What is Search Processing Language (SPL)?

SPL encompasses all the search commands and their functions, arguments, and clauses. Its syntax was originally based on the Unix pipeline and SQL. The scope of SPL includes data searching, filtering, modification, manipulation, insertion, and deletion. - The Splexicon

One of the most important activities we do in Splunk is search. But Searching in Splunk is not just Googling data — it's a powerful way to interact with the data.

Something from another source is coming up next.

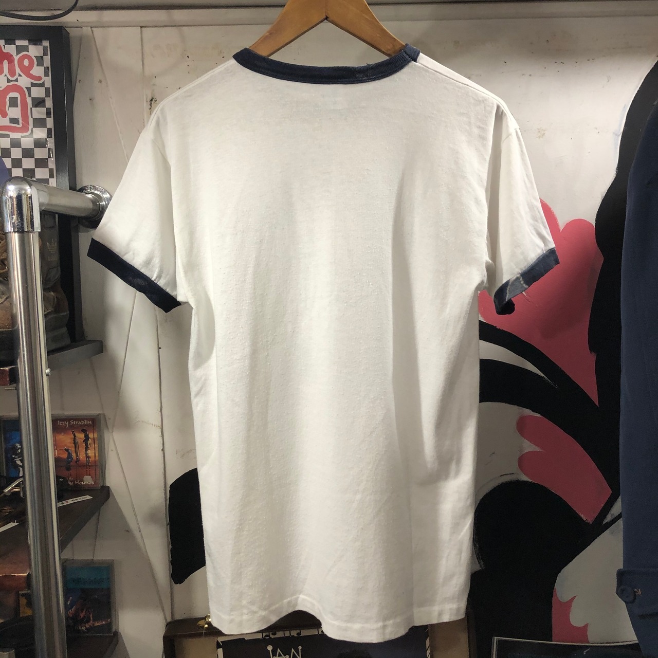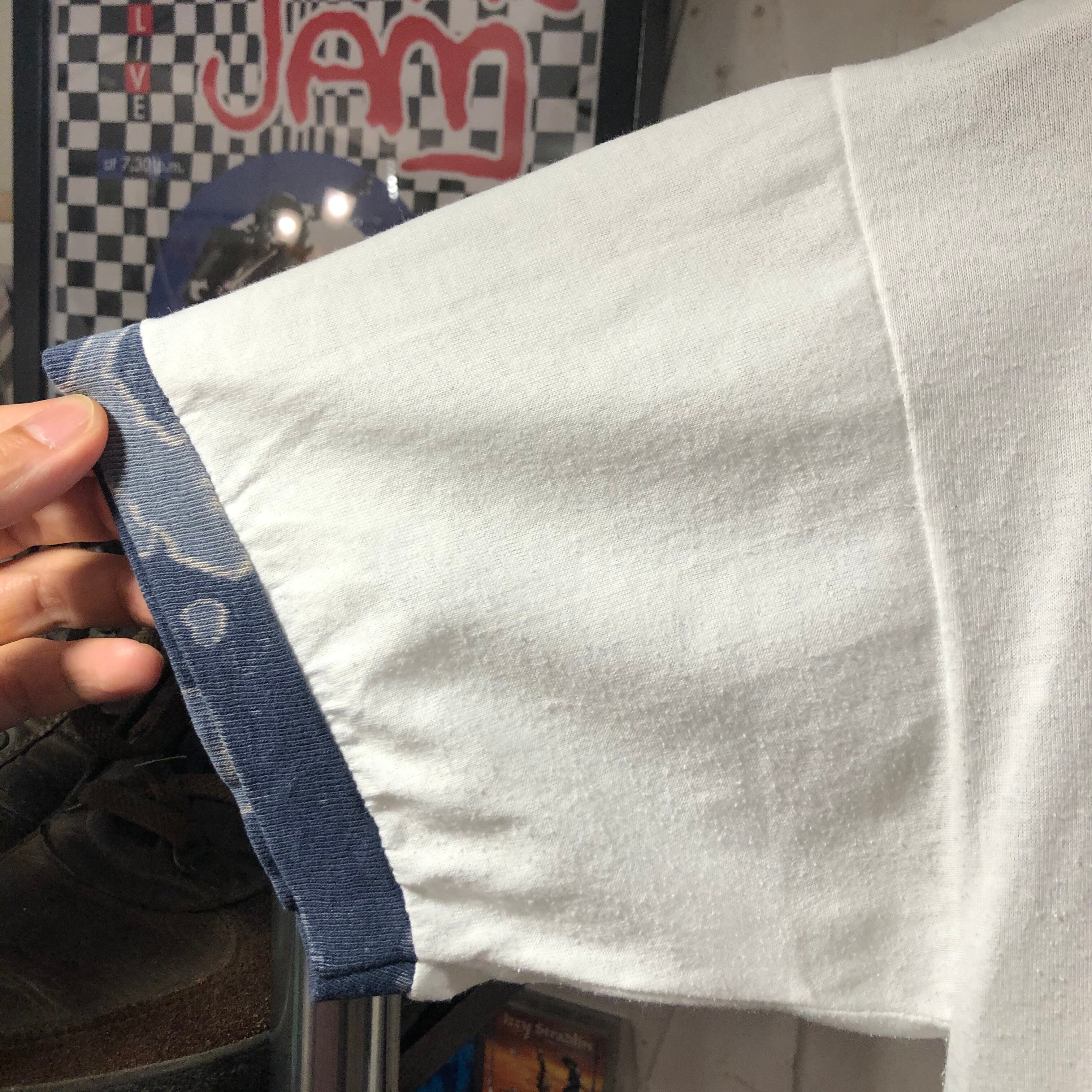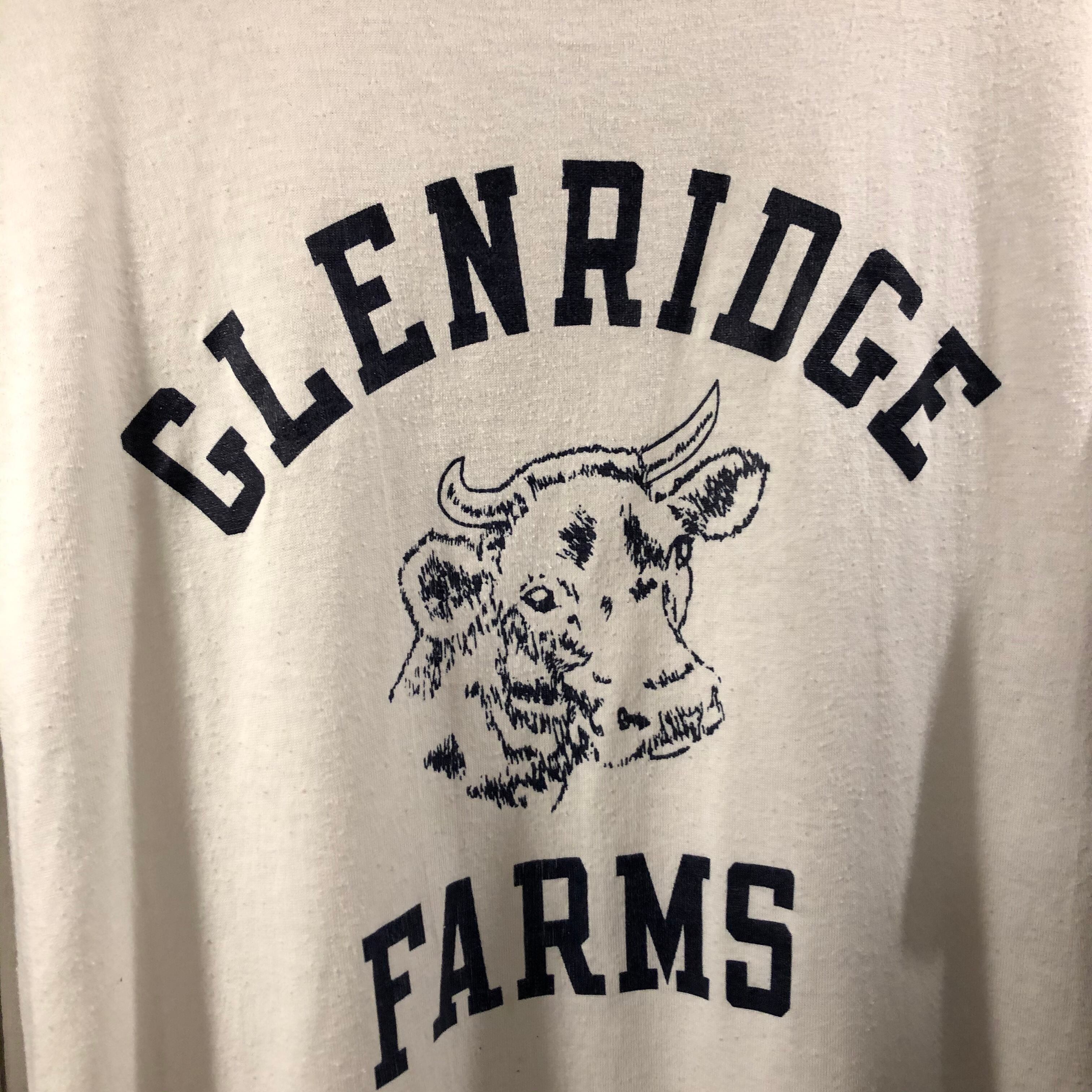 アメリカの牧場のプリントTシャツ。画像の通り、ネックやリブ部分が漂白のような色落ちがある。また、生地も、全体的に小さなネップ(毛玉)がある。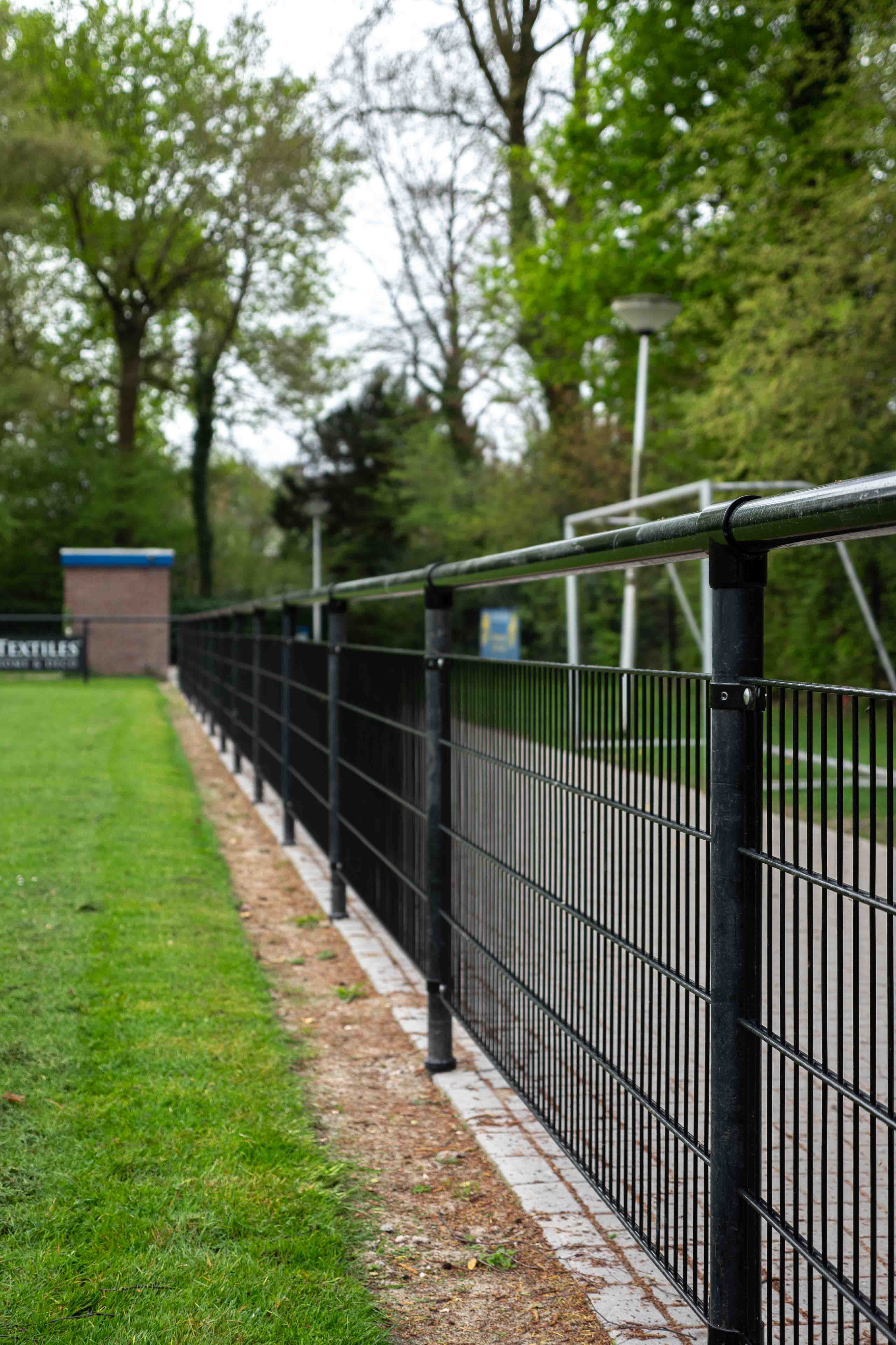 Voor Luctor Et Emergo in Almelo heeft Hekwerkonline een uitgebreid hekwerk rond het voetbalveld geïnstalleerd. Dit project ging in samenwerking met de gemeente Almelo. De omheining bestaat uit 280 meter leunhekwerk van 120 cm hoog en een draaddikte van 8/6/8 mm. Er is gekozen voor zwart 9005 hekwerk, wat resulteerde in een moderne professionele uitstraling.

What Does it Mean to Search in Splunk?

It's the primary way users interact with data in Splunk.

• Query
• Calculate
• Correlate
• Manipulate
• Organize
• Predict
• Transform
• Visualize
• And more ...

Search and Reporting App

• Default app, comes built-in to Splunk Enterprise or Cloud platform.
• Primary way to search and analyze data in Splunk
  • Search
  • Build reports and visualizations
  • Index data
  • Configure alerts
  • Create dashboards

The Anatomy of a Search

A Splunk search is all about reducing complexity in unstructured or semi structured data so that it provides value to data analysts and users. A basic search pipeline looks like this:

A Basic Search Pipeline View

Step 1: We input a big glob of events. This data can come from forwarders, network inputs, scripted inputs, uploads, anywhere. Then we perform broad searches on it so that we filter out some of the data that we don’t want.

In step two, we have a slightly better data set to work with. Now, we can perform further searches, commands, and transformations until we get the data we want into the format we want.

In step 3, we have the data we want in the format we want, and now we have to decide what to do with it. In this step, we create reports, dashboards, and alerts.

And in between each step is the Unix pipe |.

A Basic Search Pipeline

The pipe opeators tell Splunk to take the output of the previous commands, do something with it, then output it to the next step.

We continue to do this until we have the data we want in the format we want.

Time

How Splunk handles time is important. Data analytics rely on timestamps in the data. It doesn't make sense to know, for example, how many failed login attempts there were if we don't have a time window in which we are interested.

Timestamps

• Timestamps are converted to UNIX time and stored in the _time field
• Splunk converts the time into human readable format
• Splunk assumes that any data indexed is in the time zone of the Splunk instance

UNIX time is the number of seconds that have elapsed since January 1, 1970, also known as epoch time.

The _time Field

• A default, and essential, field
• Values in the _time field are stored in UNIX time
• In Splunk web, the _time field appears in human-readable format
• Use search commands to manipulate the time format

We can format time in any way we want using Python stripf and stringf time and stringp time (we'll talk about these later).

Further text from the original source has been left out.